### [Exercise]
From the material below, copy exactly the lines beginning with the one that contains "Flag of Ukraine" and ending with the one that contains "乐美雅带把玻璃水杯钢化加厚啤酒杯超大扎啤杯牛奶杯家用客房茶杯"; the pictures stay out.
*** Opening of Input for this task ***
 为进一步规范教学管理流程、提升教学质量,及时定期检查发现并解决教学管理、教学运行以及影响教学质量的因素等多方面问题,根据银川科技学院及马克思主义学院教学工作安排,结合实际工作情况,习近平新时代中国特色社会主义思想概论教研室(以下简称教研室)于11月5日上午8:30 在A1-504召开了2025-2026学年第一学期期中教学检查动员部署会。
*** Close of Input for this task ***
*** Opening of Input for this task ***
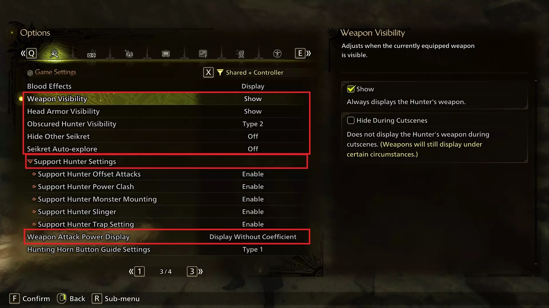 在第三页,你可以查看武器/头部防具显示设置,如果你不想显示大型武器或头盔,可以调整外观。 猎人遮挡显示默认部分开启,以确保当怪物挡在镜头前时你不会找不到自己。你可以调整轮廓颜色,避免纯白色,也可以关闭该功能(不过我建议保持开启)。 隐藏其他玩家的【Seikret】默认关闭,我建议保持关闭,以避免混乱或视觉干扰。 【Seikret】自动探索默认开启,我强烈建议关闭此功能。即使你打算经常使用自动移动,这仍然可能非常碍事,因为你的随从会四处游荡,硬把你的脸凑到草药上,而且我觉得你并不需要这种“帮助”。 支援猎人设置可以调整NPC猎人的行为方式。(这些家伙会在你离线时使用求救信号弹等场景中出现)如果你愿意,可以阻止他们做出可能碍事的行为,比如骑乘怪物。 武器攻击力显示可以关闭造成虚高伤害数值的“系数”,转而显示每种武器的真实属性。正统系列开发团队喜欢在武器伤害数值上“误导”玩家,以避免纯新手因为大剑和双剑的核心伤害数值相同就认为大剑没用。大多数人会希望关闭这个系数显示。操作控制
*** Close of Input for this task ***
*** Opening of Input for this task ***
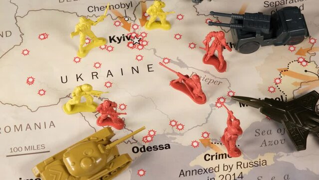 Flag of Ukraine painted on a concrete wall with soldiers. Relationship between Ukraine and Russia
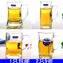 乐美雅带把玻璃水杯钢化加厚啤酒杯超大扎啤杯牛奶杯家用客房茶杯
*** Close of Input for this task ***
### [Task answer]
 Flag of Ukraine painted on a concrete wall with soldiers. Relationship between Ukraine and Russia
 乐美雅带把玻璃水杯钢化加厚啤酒杯超大扎啤杯牛奶杯家用客房茶杯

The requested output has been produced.